We present experimental data that shows that our approach can significantly decrease the amount of spills as compared to a local scheduling heuristic aimed at minimizing register usage. On average, we spill 8.9% fewer values and reduce static spill costs by 3.4%.

# 1. INTRODUCTION

The phase of register allocation and spilling is one of the major parts of an optimizing compiler backend. Spilling and reloading registers incurs considerable costs because reading a value from memory is orders of magnitude slower than reading a value from a register.

Especially in the context of embedded systems, other costs

of spilling are relevant as well: Memory accesses cost more energy than register accesses, shortening the battery life of mobile devices. More store and load instructions generated by the compiler also cause an increase in code size, which may increase the device's memory cost. A larger code size, in turn, can also lead to more memory accesses and instruction cache misses, further lowering the execution speed of the program and energy economy of the device.

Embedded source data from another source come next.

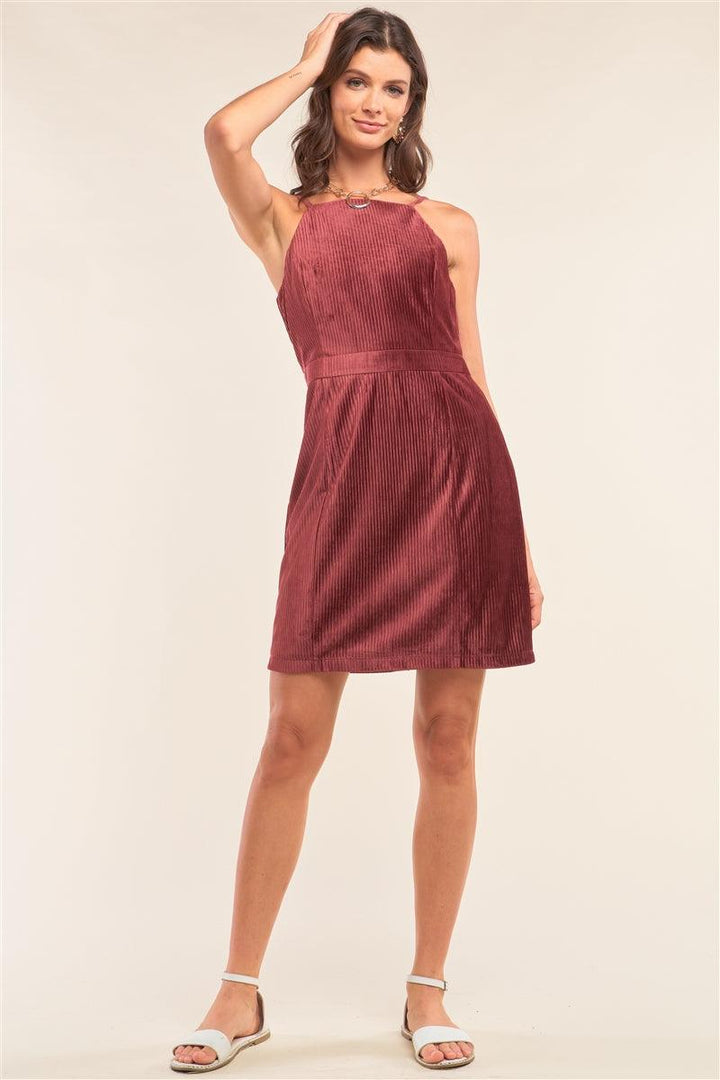 Cranberry Red Corduroy Sleeveless Square Neck Tight Fit Mini Dress
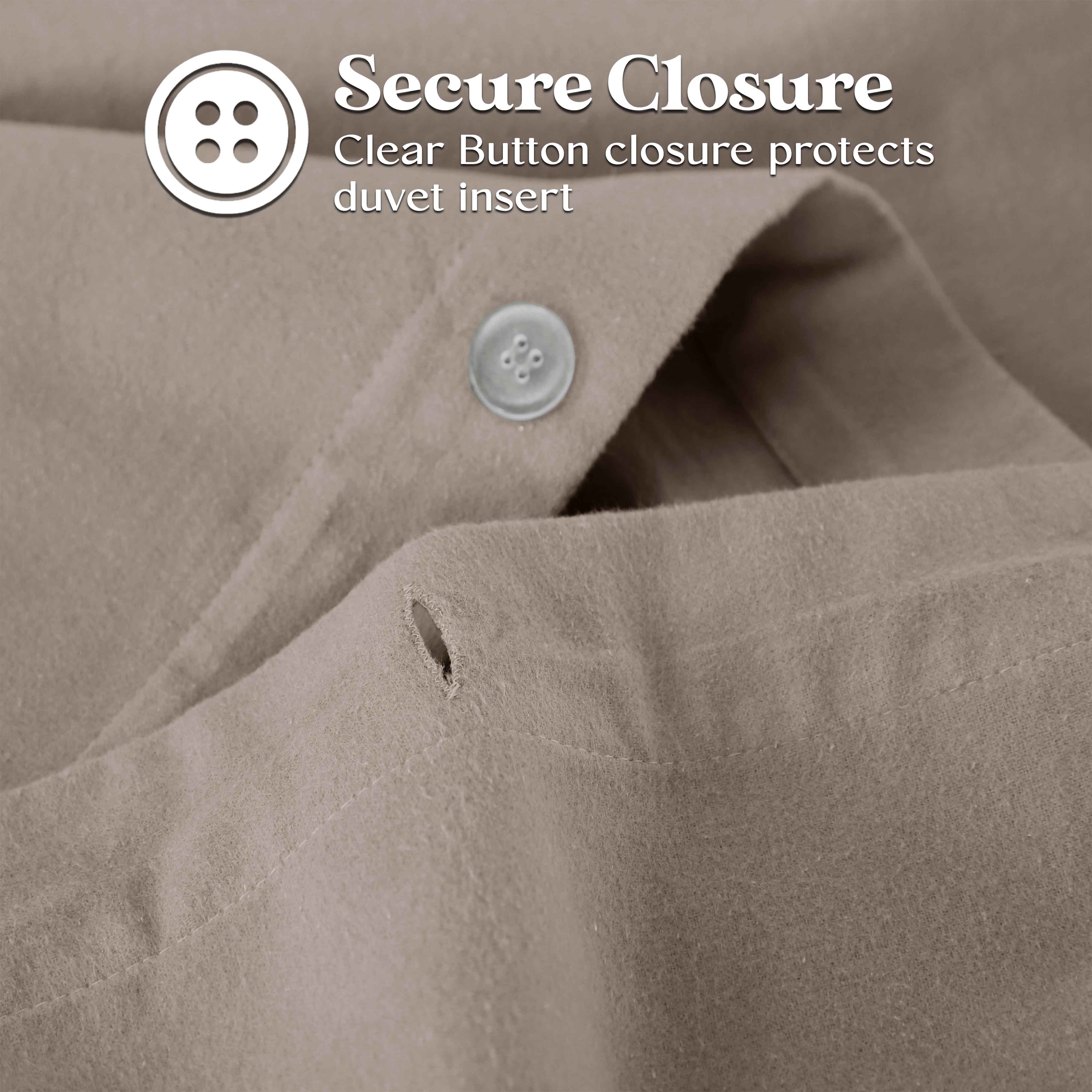 Give your bedroom the ultimate cozy update with our Rome Flannel Cotton Duvet Cover Set. This duvet cover set is crafted from luxuriously soft brushed flannel cotton, which is strong, plush, breathable. As an added bonus, this fabric gets softer after every wash. Stay warm on crisp mornings and cold nights with this insulating bedding set. This duvet cover fastens with buttons to make sure your duvet insert or comforter doesn't shift or come undone. This unique solid design is available in soothing color options to instantly update your bedroom decor style. For a matching look, the included pillow sham(s) feature an elegant 2 inch flange.
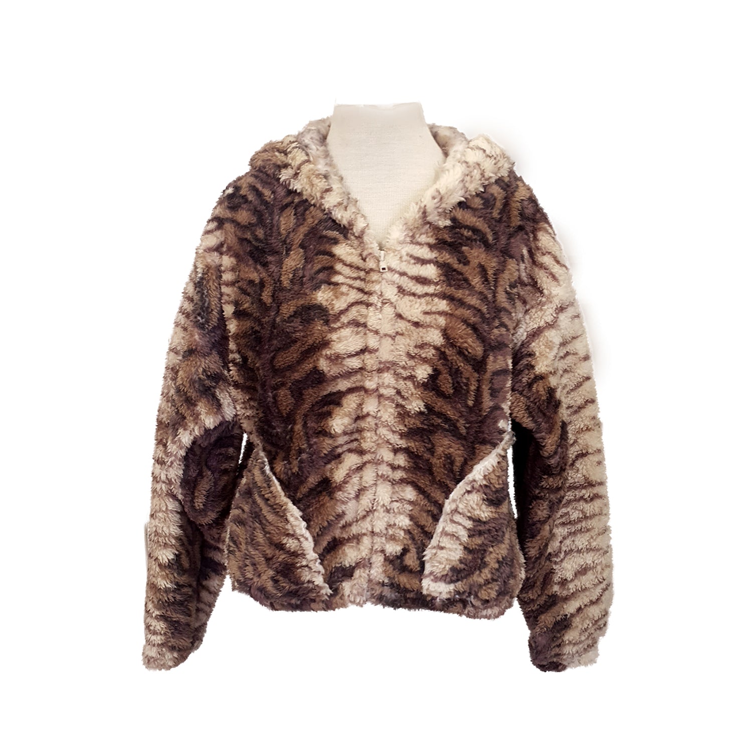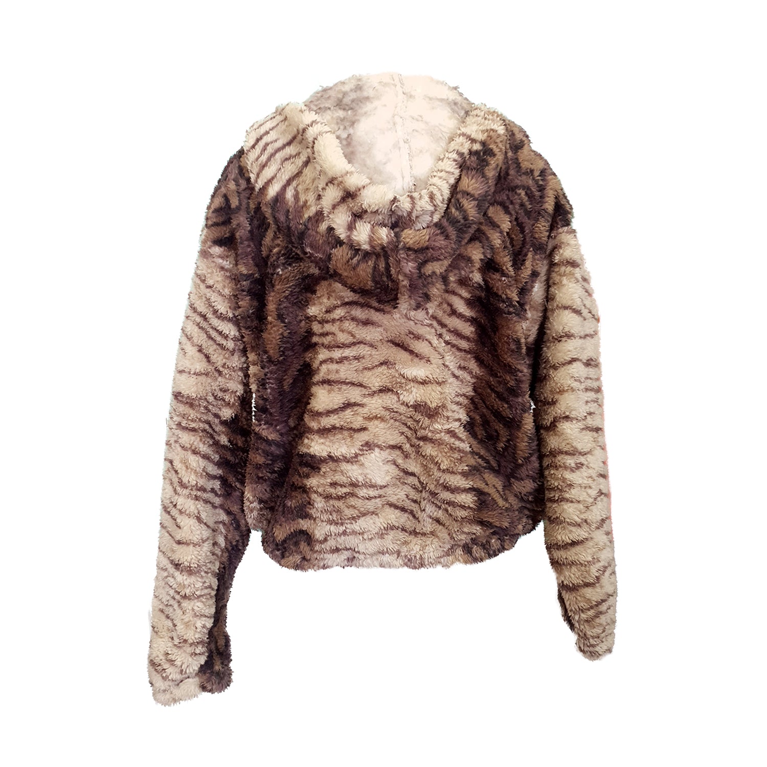 Cropped Fluffy Hoodie (Animal Print – Brown Tiger)
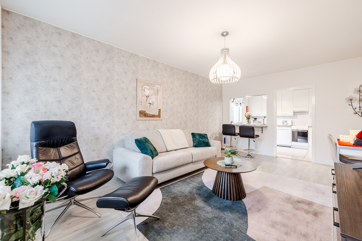 Winter Dream Suite – Luxe en ontspanning in de buurt van het stadscentrum Dit hoogwaardige en vlekkeloze appartement is geschikt voor maximaal vier gasten en beschikt over een eigen sauna en een gezellig balkon. De locatie is perfect: een rustige omgeving zorgt voor rustgevende nachten, maar het stadscentrum met zijn diensten en bezienswaardigheden ligt op slechts een korte wandeling. Het appartement op de tweede verdieping in Scandinavische stijl heeft een grote woonkamer, een nis met een queensize bed, een sauna en een gemeubileerd balkon. Volledig uitgeruste keuken.
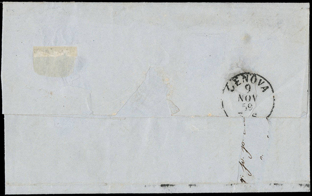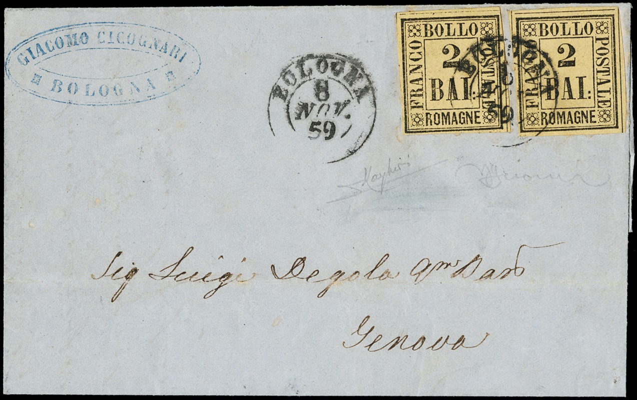 1859 - 2b giallo arancio, due esemplari da 'BOLOGNA 8 NOV. 59' a Genova. Firme Grioni e Raybaudi (Sassone 3 - Euro 4.500++)
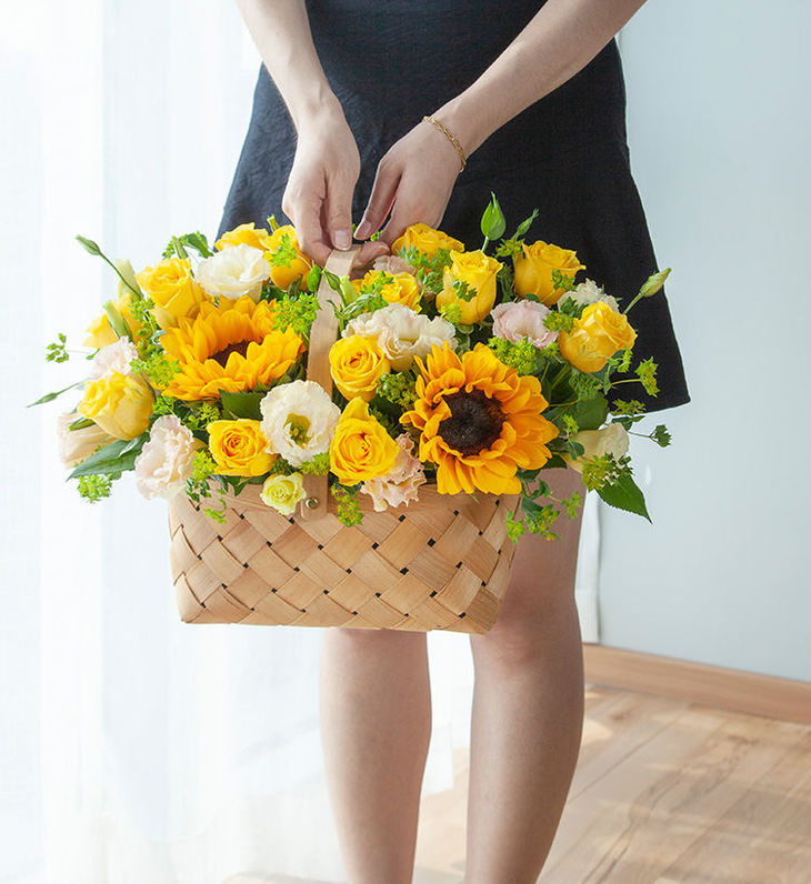 花材:向日葵2枝,金枝玉叶玫瑰13枝,香槟桔梗0.2扎,叶上黄金0.2扎

This paper presents a new method aimed at minimizing spill code by attempting to find an instruction schedule that allows for the least expensive register allocation. Our approach is based on a standard global register allocator. The allocator is applied to a problem that implicitly encodes instruction scheduling decisions besides the problems of register assignment and spilling. The scheduling options are computed beforehand; after register allocation, the register assignments are mapped to a set of scheduling constraints, and the instructions are arranged accordingly. Using this scheme, instruction scheduling is guided directly by the register allocator's needs, based on the allocator's global model of spill costs.

The rest of this paper is structured as follows. Section 2 discusses register allocation, instruction scheduling, and their interactions. Section 3 introduces Register Reuse Scheduling (RRS), our novel approach for integrating register allocation with instruction scheduling decisions. Section 4 discusses our implementation of RRS and gives benchmark results, Section 5 presents related work, and Section 6 concludes.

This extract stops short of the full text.